> **Records**:
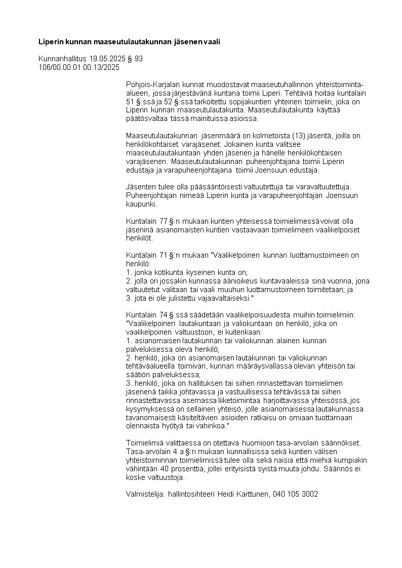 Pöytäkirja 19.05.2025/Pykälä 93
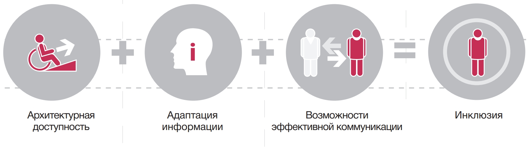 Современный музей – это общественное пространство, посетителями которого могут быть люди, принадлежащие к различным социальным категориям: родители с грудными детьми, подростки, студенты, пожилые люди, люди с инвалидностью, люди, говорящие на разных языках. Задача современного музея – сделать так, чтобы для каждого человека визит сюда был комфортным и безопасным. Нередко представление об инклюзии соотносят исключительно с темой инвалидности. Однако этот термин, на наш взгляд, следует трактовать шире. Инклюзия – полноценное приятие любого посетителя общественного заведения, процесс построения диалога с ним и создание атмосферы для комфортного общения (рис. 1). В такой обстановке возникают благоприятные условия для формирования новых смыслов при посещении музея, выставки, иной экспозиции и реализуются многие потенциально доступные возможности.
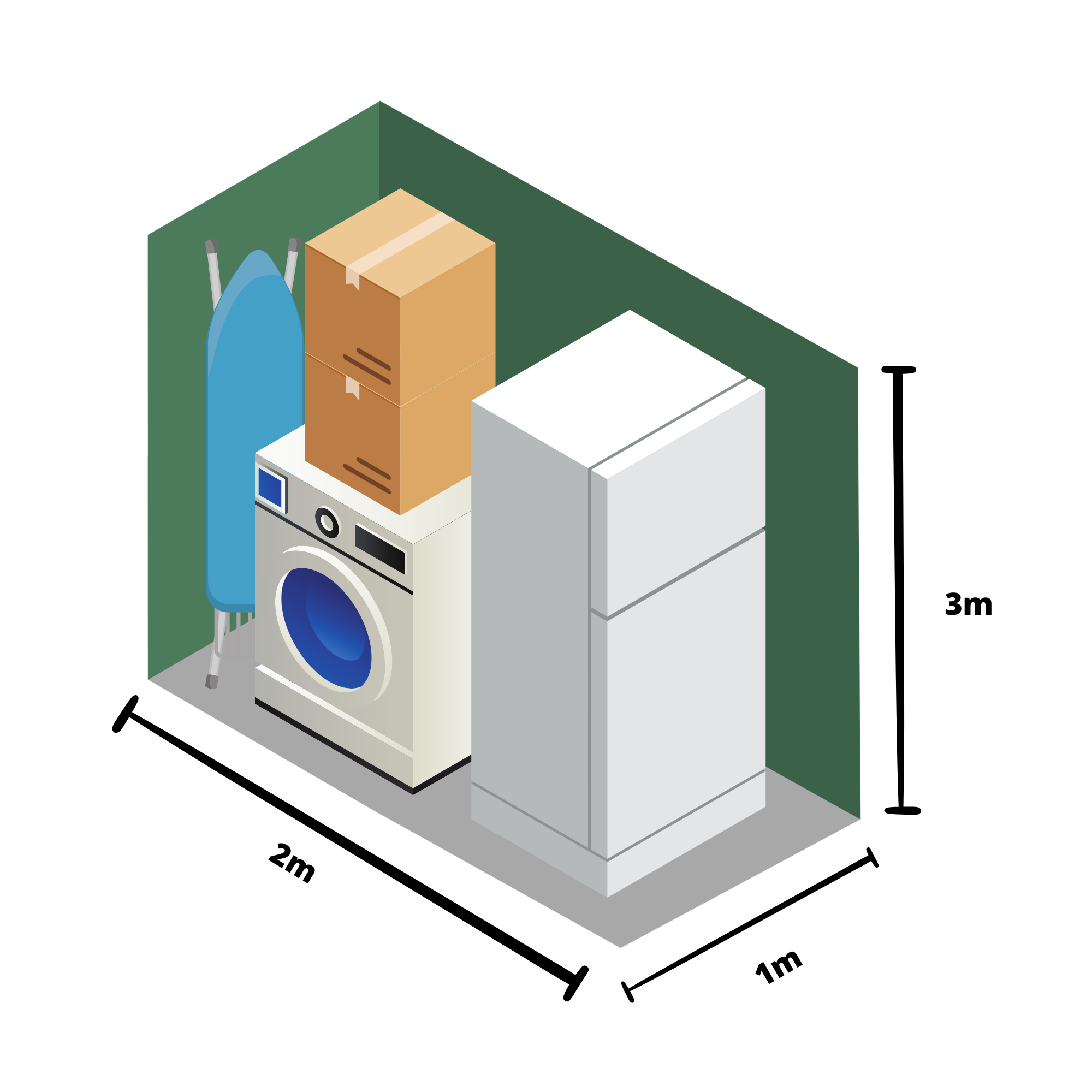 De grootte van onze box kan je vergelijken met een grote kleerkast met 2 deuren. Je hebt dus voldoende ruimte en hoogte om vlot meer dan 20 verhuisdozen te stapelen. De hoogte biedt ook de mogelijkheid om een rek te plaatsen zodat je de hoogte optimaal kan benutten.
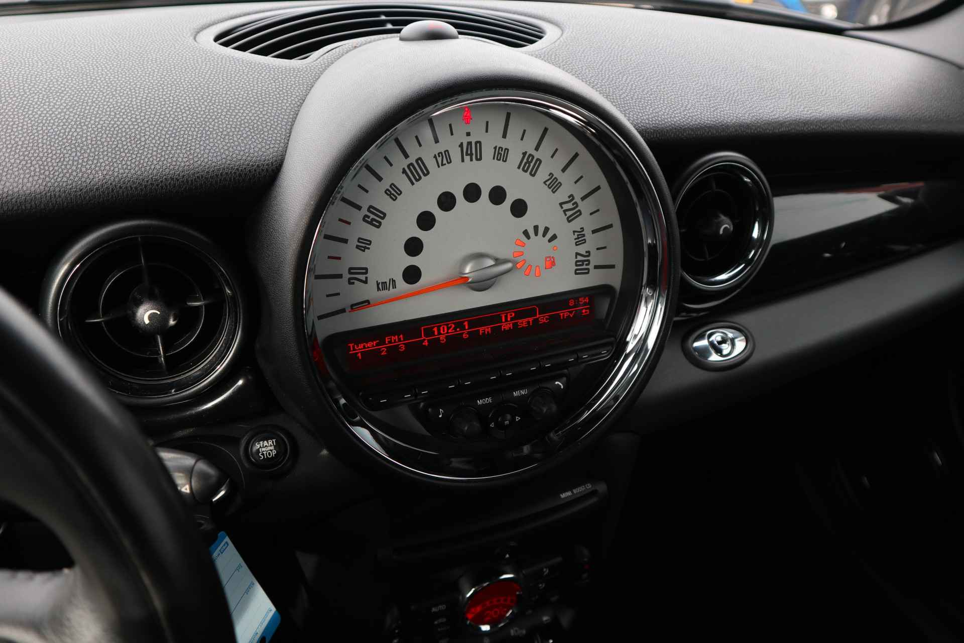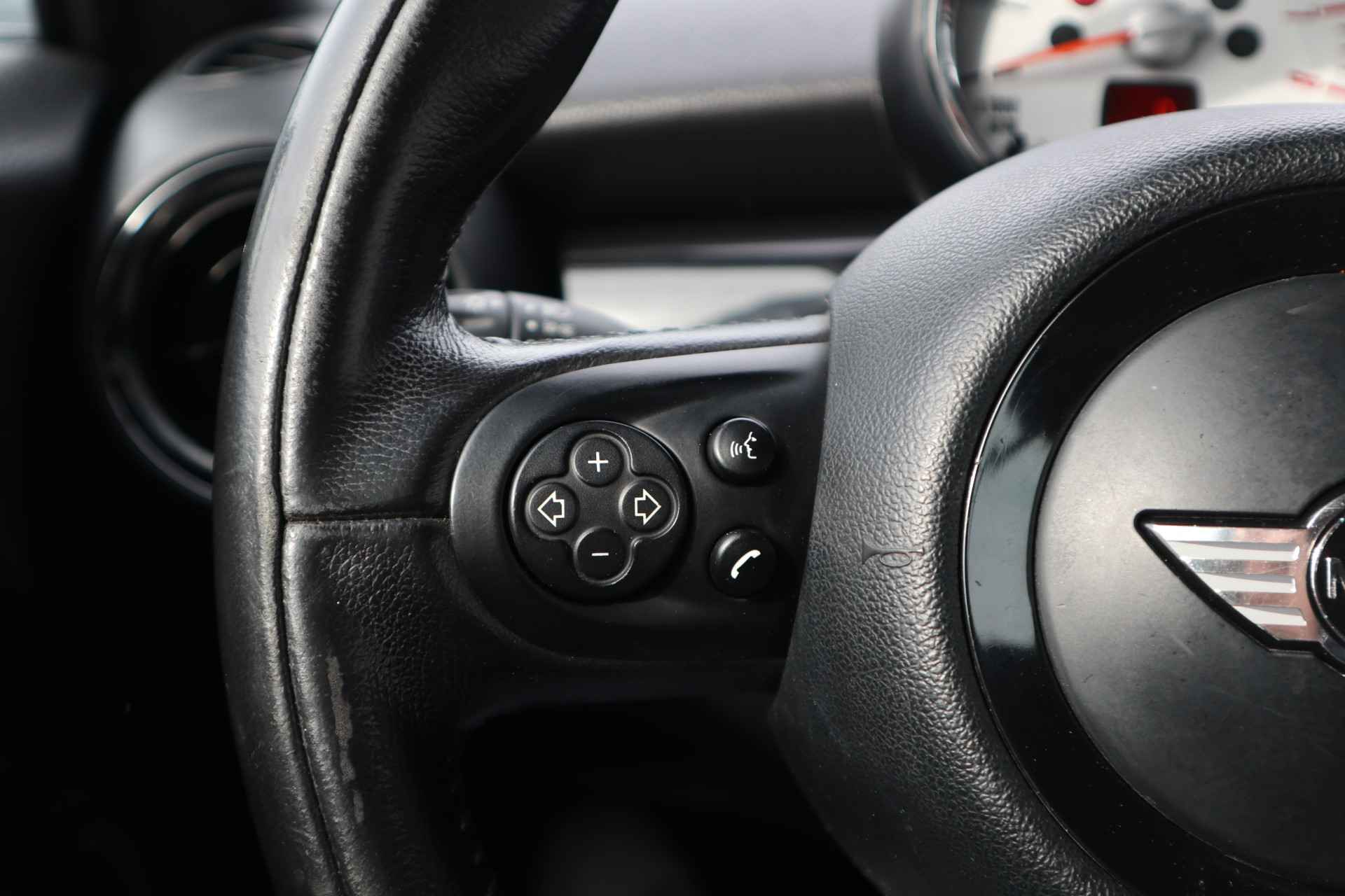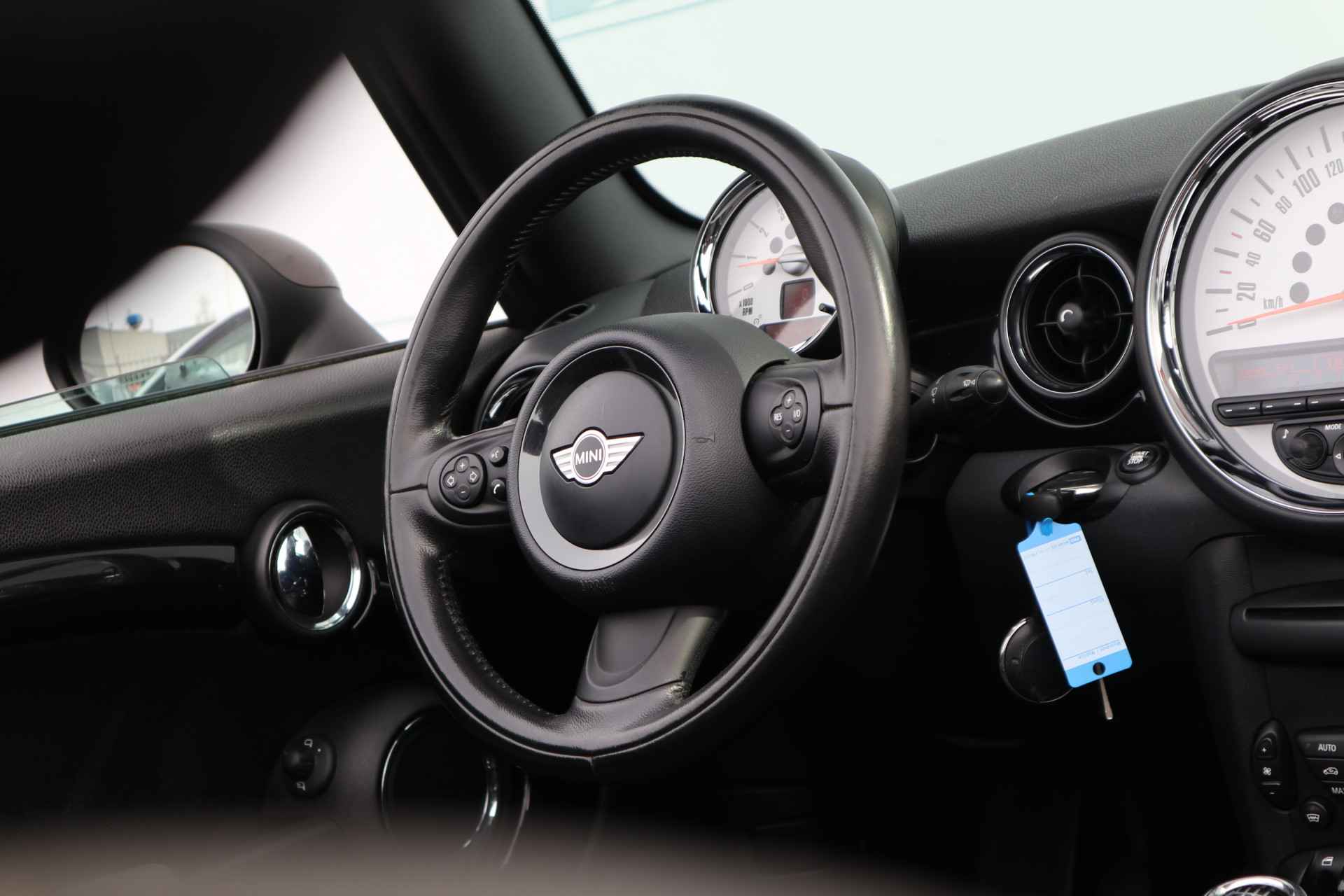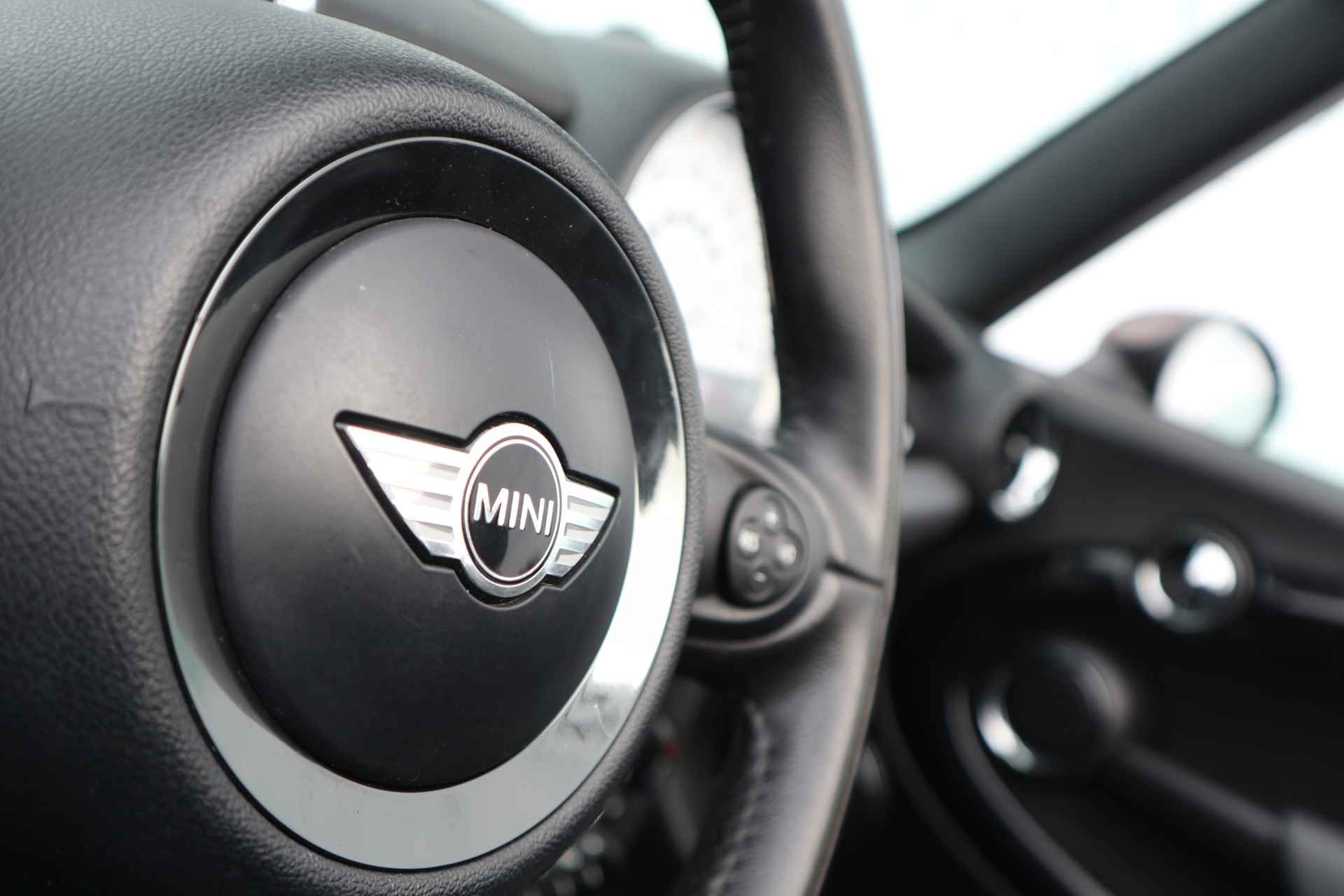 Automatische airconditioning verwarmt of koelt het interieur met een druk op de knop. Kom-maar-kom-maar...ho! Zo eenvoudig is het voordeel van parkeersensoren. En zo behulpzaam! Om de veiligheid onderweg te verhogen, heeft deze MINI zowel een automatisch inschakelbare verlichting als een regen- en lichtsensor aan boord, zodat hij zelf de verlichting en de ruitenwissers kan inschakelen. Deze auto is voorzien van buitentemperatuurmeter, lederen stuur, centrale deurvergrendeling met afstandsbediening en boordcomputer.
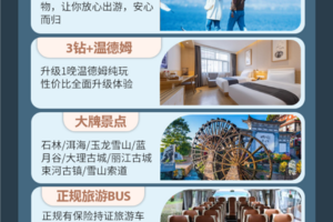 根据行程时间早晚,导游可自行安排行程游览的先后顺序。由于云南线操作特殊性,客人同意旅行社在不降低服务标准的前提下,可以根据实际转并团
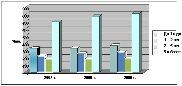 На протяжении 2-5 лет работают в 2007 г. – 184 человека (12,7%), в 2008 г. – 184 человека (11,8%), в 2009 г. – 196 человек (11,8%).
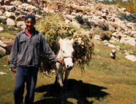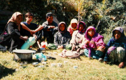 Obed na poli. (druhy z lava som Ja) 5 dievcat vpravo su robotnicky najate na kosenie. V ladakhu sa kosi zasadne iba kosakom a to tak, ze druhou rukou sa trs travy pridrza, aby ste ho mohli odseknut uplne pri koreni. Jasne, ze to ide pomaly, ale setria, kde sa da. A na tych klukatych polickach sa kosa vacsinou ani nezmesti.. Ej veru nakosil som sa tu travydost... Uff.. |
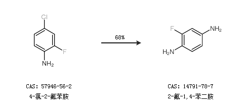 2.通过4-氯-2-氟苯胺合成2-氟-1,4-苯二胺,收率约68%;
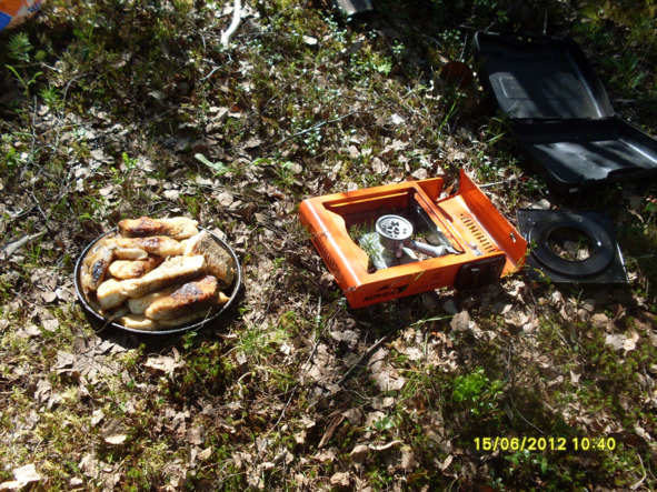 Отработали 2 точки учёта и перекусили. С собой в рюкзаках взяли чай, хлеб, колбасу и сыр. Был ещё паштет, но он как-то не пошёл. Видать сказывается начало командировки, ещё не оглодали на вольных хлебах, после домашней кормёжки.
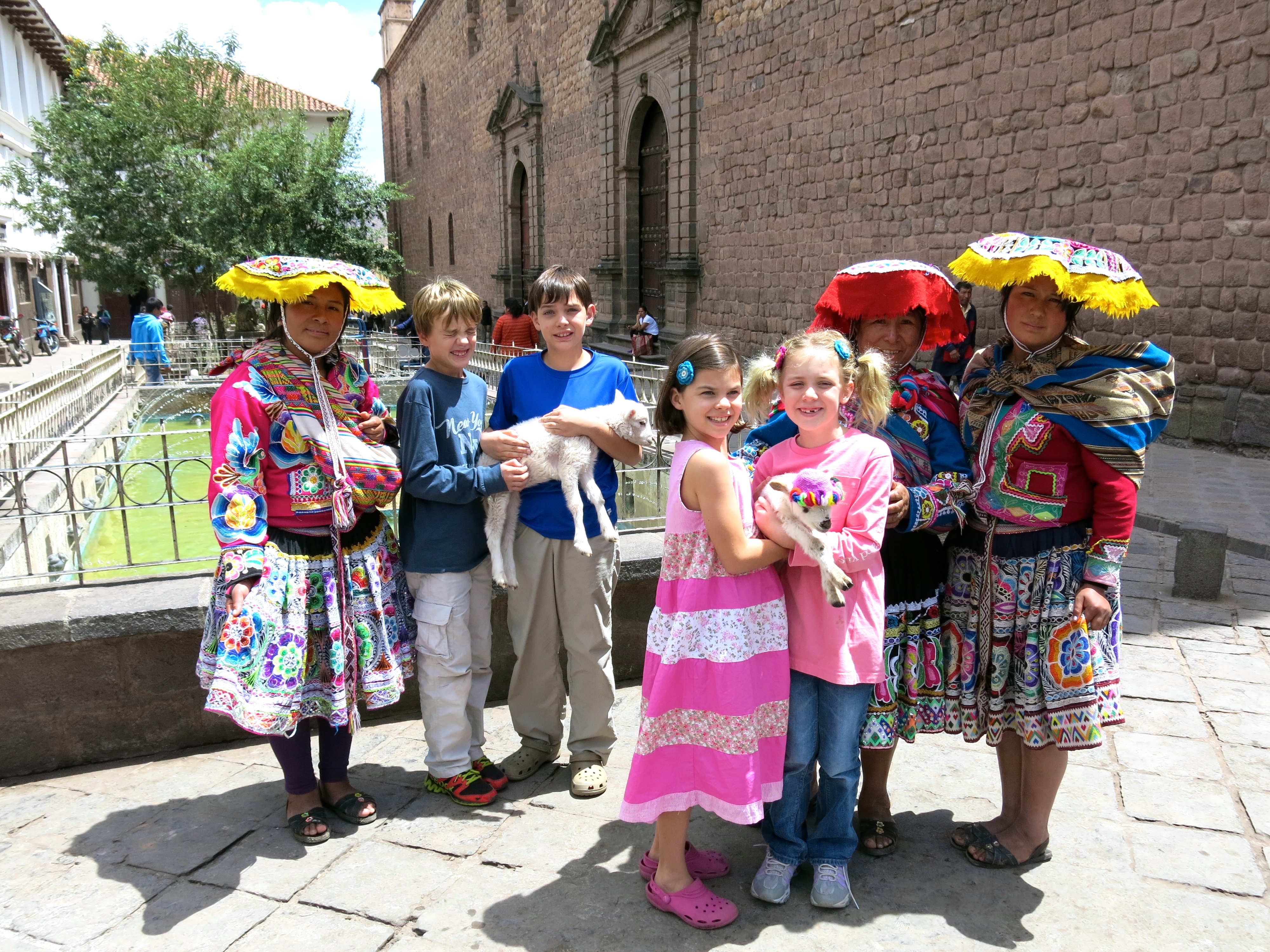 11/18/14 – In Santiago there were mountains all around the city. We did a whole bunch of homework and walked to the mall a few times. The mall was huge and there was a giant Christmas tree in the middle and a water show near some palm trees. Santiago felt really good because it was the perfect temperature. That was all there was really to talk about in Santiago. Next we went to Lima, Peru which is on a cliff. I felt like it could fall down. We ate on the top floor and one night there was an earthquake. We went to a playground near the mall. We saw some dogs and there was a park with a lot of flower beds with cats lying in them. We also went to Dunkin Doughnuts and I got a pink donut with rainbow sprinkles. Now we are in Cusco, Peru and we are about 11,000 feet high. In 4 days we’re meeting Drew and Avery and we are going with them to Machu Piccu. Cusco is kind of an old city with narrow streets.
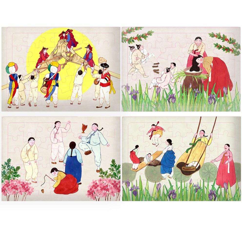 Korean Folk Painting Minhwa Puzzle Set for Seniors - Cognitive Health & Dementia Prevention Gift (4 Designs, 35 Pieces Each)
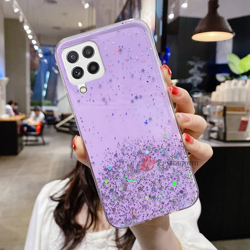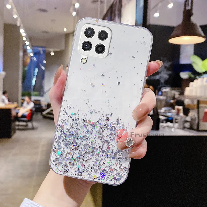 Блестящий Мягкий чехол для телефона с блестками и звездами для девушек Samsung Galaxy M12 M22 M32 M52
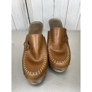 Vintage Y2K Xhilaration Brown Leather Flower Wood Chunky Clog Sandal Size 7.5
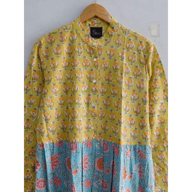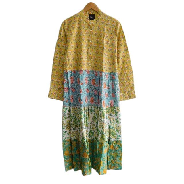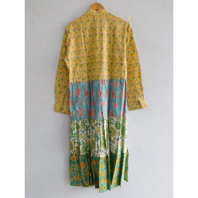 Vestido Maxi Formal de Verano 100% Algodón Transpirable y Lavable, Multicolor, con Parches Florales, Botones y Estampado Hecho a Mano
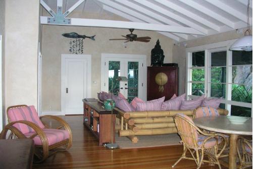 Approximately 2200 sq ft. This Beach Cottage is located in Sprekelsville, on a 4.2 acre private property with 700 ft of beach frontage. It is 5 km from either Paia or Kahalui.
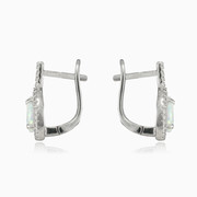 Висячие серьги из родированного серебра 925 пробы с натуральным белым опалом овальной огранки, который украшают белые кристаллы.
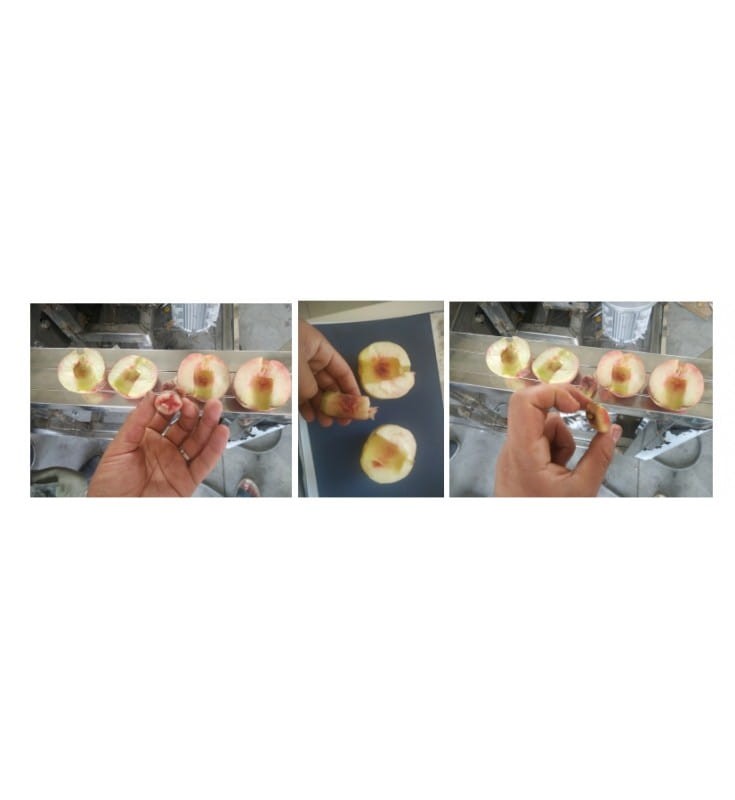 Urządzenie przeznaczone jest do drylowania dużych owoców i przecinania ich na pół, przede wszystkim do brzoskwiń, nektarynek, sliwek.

> **Exercise directions**:
Please return the material above only from the line that holds "Korean Folk Painting" through the line that holds "Approximately 2200 sq", exactly as it stands, ends included and pictures omitted.

> **Exercise solution**:
 Korean Folk Painting Minhwa Puzzle Set for Seniors - Cognitive Health & Dementia Prevention Gift (4 Designs, 35 Pieces Each)
 Блестящий Мягкий чехол для телефона с блестками и звездами для девушек Samsung Galaxy M12 M22 M32 M52
 Vintage Y2K Xhilaration Brown Leather Flower Wood Chunky Clog Sandal Size 7.5
 Vestido Maxi Formal de Verano 100% Algodón Transpirable y Lavable, Multicolor, con Parches Florales, Botones y Estampado Hecho a Mano
 Approximately 2200 sq ft. This Beach Cottage is located in Sprekelsville, on a 4.2 acre private property with 700 ft of beach frontage. It is 5 km from either Paia or Kahalui.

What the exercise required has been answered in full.